Вскоре она начала спать по четырнадцать часов в день. «Я просыпалась в четыре утра, шла в ванную и занималась, что всем казалось очень странным. Мне стучали в дверь и удивлялись, что я там делаю. “Занимаюсь”, — отвечала я. “А почему именно здесь?” — спрашивали меня, а я в ответ: “Знаете, мне так нравится”. Тогда они говорили: “Почему бы тебе не пойти в общую комнату?” Но если бы я туда пошла, то пришлось бы с кем-нибудь общаться. А этого-то я и избегала». К концу года она почти перестала есть обычную пищу. «Я съедала семь или даже девять плиток шоколада в день, потому что мне этого хватало, чтобы не ходить в столовую. Если бы я пошла в столовую, меня стали бы спрашивать: как ты себя чувствуешь? А это последний вопрос, на который я бы хотела отвечать. Я продолжала заниматься и закончила год, потому что была невидимкой и никому не показывалась. Если бы я слегла, из школы позвонили бы родителям, и пришлось бы объяснять, а я не могла никому показаться, чувствовать общее внимание. Мне и в голову не приходило звонить родителям и говорить, что я хочу домой, хотя я чувствовала себя в ловушке. Я как будто была в каком-то тумане и не видела дальше пяти футов — а даже мама находилась в шести. Я так стыдилась своей депрессии, я была уверена, что обо мне говорят ужасные вещи. Ты знаешь, что я стеснялась выйти в туалет, даже когда была одна? Я хочу сказать, что в публичном месте вышла бы куча проблем. Но даже одна я себя не выносила. Мне казалось, что как человек я ничего не стою, даже в таком простейшем деле. Мне казалось, будто кто-то знает, что я там делаю, и мне было стыдно. Это было ужасно больно».

Лето после десятого класса оказалось тяжелым. У Клодии на фоне напряжения развилась экзема, которая мучает ее и поныне. «Находиться среди людей — ничего мучительней я и вообразить не могла. Даже просто разговаривать с кем-то. Я избегала мира. По большей части я лежала в кровати, задернув шторы. Свет ранил меня». Лето шло, и она наконец начала принимать лекарство — имипрамин. Окружающие заметили стойкое улучшение, и «к концу лета я даже нашла в себе силы съездить с матерью на день в Нью-Йорк, чтобы пройтись по магазинам, и вернуться. Это было самое захватывающее и энергичное мое дело тем летом». Тогда же она сблизилась со своим психотерапевтом, который остался близким другом.

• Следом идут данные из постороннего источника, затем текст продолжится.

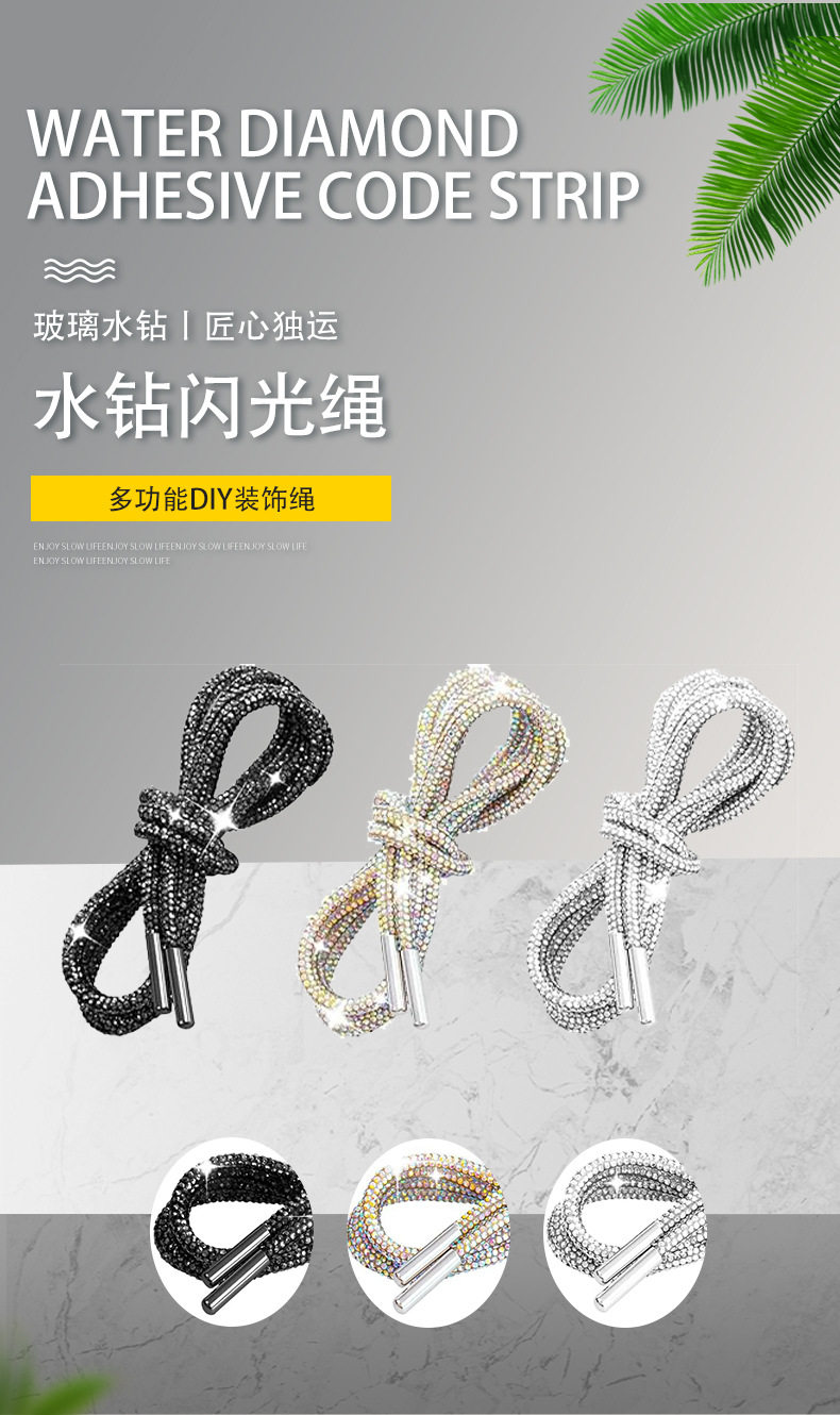 Factory rhinestone round tube shoelace back glue drill tube diy cap rope belt accessories full drill colorful rhinestone strip decorative accessories

Осенью Клодия поменяла школу. В новой школе ей предоставили отдельную комнату, лекарства принесли улучшение. Она чувствовала, что за лето родные наконец оценили ее душевное состояние как реальную проблему, и это очень помогло. Она усердно училась, посещала много дополнительных занятий. В выпускном классе она стала старостой, а потом поступила в Принстон.

В Принстоне она выработала многие из способов выживания, которые остались с ней на всю жизнь. При всей своей замкнутости, она тяготилась одиночеством, и, чтобы решить эту проблему, шестеро друзей по очереди укладывали ее спать. Часто они оставались с ней в постели — она еще не жила половой жизнью, и друзья уважали это, просто составляя ей компанию. «Спать с кем-то, тесно прижавшись, стало для меня важным антидепрессантом. Ради этой близости я бы отказалась от секса. Отказалась бы от еды. Отказалась бы от походов в кино. Отказалась бы от работы. Я хочу сказать: я отказалась бы от всего, оставив только сон и отправление естественных надобностей, только бы быть в безопасности и чтобы было к кому прижаться. Честно говоря, я не удивлюсь, если это стимулирует химические реакции в мозге». Чтобы перейти к следующей стадии физической близости, Клодии потребовалось время. «Я всегда стыдилась своего обнаженного тела. По-моему, я ни разу даже не примерила купальник, чтобы не переживать по этому поводу. Я не первая в этом мире попробовала секс. Люди потратили немало времени, чтобы убедить меня, что секс — это хорошо. Я так не думала. Годами я считала, что это не для меня. Как газировка — пока не попробовал, ты ее не хочешь. Но в конце концов я переменила мнение».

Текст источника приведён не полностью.